*** Opening INFORMATION SHOWN ***
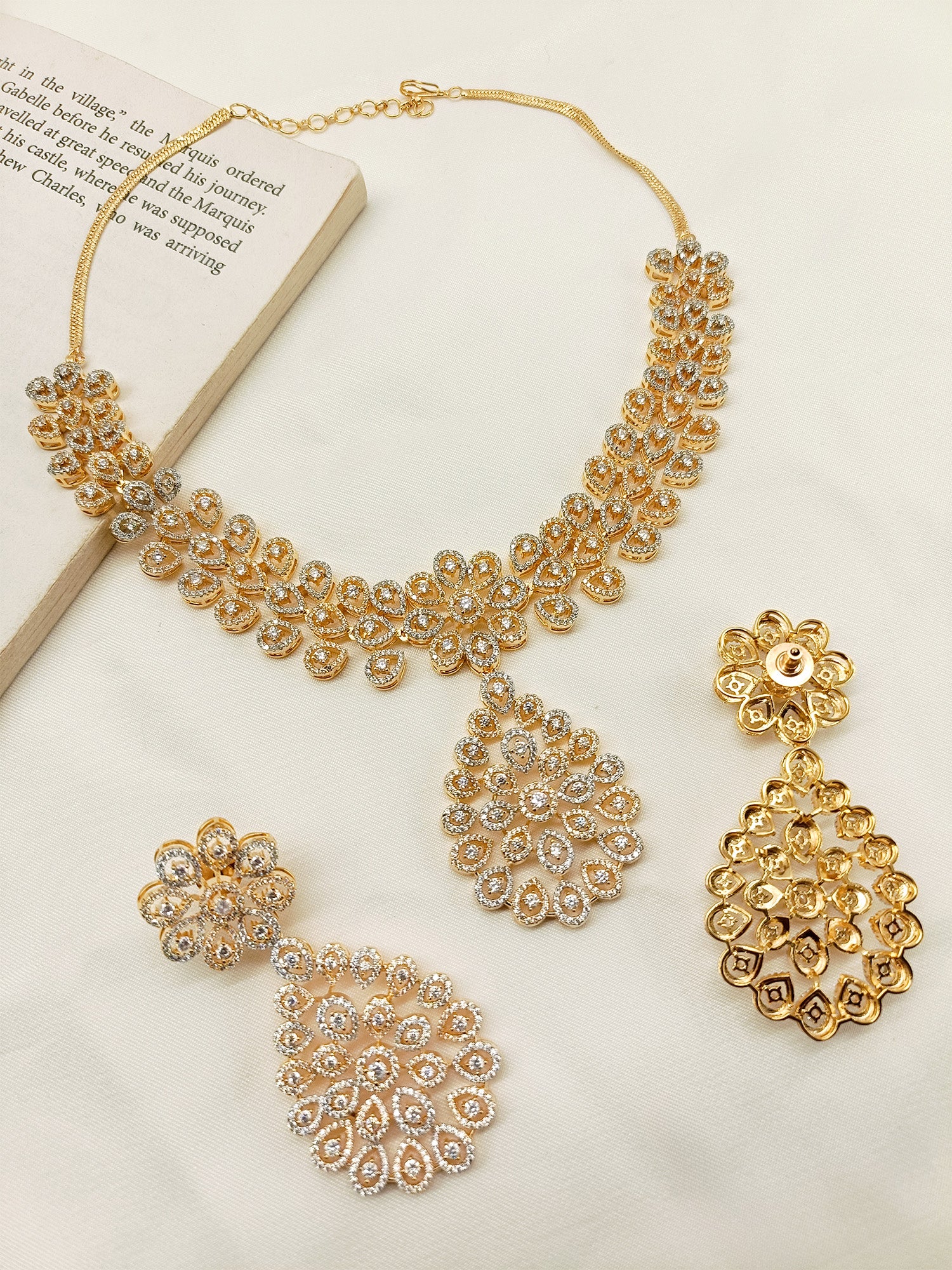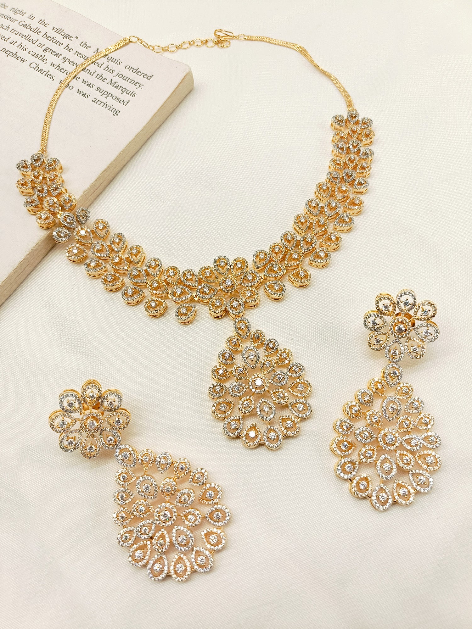 Prajakta White American Diamond Necklace Set
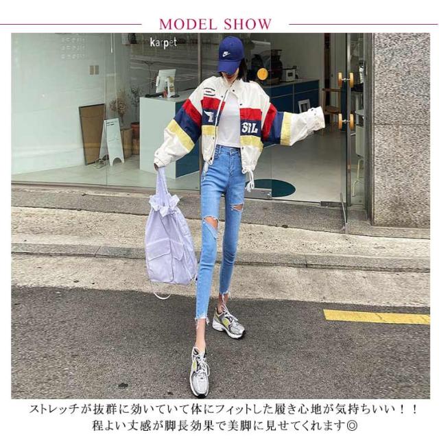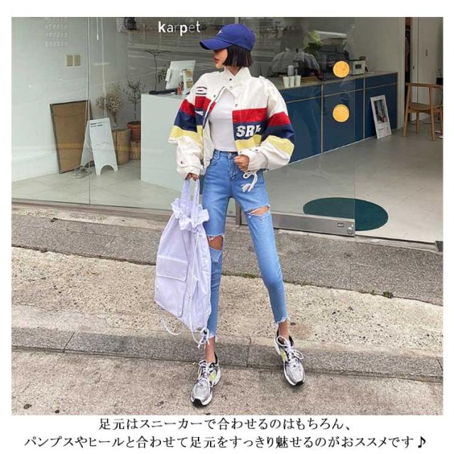 | 裾のカットオフがトレンドのダメージスキニーパンツが登場しました。 ストレッチが抜群に効いていて体にフィットした履き心地が気持ちいい!! 程よい丈感が脚長効果で美脚に見せてくれます◎ どんなトップスとも相性抜群のデニム生地で服を選ばずにこなれ感を演出でき、オシャレ上級者になれる必見アイテム。 足元はスニーカーで合わせるのはもちろん、パンプスやヒールと合わせて足元をすっきり魅せるのがおススメです♪ | |
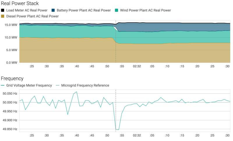 例如,在一個風(fēng)力發(fā)電設(shè)施和儲能系統(tǒng)配套運行的示例中,五個正在運行的風(fēng)力發(fā)電機(jī)的一個突然出現(xiàn)故障,并斷開了與電網(wǎng)的連接。這導(dǎo)致電網(wǎng)頻率急劇下降和電壓下降,其原因是其他正在運行的發(fā)動機(jī)和電池的負(fù)載應(yīng)變突然增加。由于逆變器的快速響應(yīng),儲能系統(tǒng)在這個風(fēng)力發(fā)電機(jī)停機(jī)后立即增加了2.4MW的功率輸出,以彌補(bǔ)損失的發(fā)電量。來自電池儲能系統(tǒng)的快速功率注入還使電網(wǎng)快速穩(wěn)定和恢復(fù)頻率和電壓。因此,儲能系統(tǒng)在穩(wěn)定電網(wǎng)運營中起到了至關(guān)重要的作用。
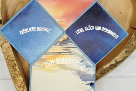 Bei dieser Aufstellkarte falzt man die Vorderseite in der Mitte und klebt einen Kartenaufleger nur auf der unteren Fläche. Im Inneren der Karte klebt man dann noch einen Stopper ein. In meinen Fall hab ich aus dem Babyzauber Papier ein paar Motive ausgeschnitten. Folgendes habe …
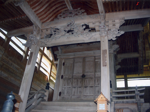 文政8年(1825)火災に罹り嘉永3年(1850)現本殿を造営、昭和13年(1938)現幣、拝殿を改築す。 |
*** Closing INFORMATION SHOWN ***
• [YOUR GOAL]:
Repeat every record above exactly. The pictures do not belong in the copy.

• [RESPONSE BOX]:
 Prajakta White American Diamond Necklace Set
 | 裾のカットオフがトレンドのダメージスキニーパンツが登場しました。 ストレッチが抜群に効いていて体にフィットした履き心地が気持ちいい!! 程よい丈感が脚長効果で美脚に見せてくれます◎ どんなトップスとも相性抜群のデニム生地で服を選ばずにこなれ感を演出でき、オシャレ上級者になれる必見アイテム。 足元はスニーカーで合わせるのはもちろん、パンプスやヒールと合わせて足元をすっきり魅せるのがおススメです♪ | |
 例如,在一個風(fēng)力發(fā)電設(shè)施和儲能系統(tǒng)配套運行的示例中,五個正在運行的風(fēng)力發(fā)電機(jī)的一個突然出現(xiàn)故障,并斷開了與電網(wǎng)的連接。這導(dǎo)致電網(wǎng)頻率急劇下降和電壓下降,其原因是其他正在運行的發(fā)動機(jī)和電池的負(fù)載應(yīng)變突然增加。由于逆變器的快速響應(yīng),儲能系統(tǒng)在這個風(fēng)力發(fā)電機(jī)停機(jī)后立即增加了2.4MW的功率輸出,以彌補(bǔ)損失的發(fā)電量。來自電池儲能系統(tǒng)的快速功率注入還使電網(wǎng)快速穩(wěn)定和恢復(fù)頻率和電壓。因此,儲能系統(tǒng)在穩(wěn)定電網(wǎng)運營中起到了至關(guān)重要的作用。
 Bei dieser Aufstellkarte falzt man die Vorderseite in der Mitte und klebt einen Kartenaufleger nur auf der unteren Fläche. Im Inneren der Karte klebt man dann noch einen Stopper ein. In meinen Fall hab ich aus dem Babyzauber Papier ein paar Motive ausgeschnitten. Folgendes habe …
 文政8年(1825)火災に罹り嘉永3年(1850)現本殿を造営、昭和13年(1938)現幣、拝殿を改築す。 |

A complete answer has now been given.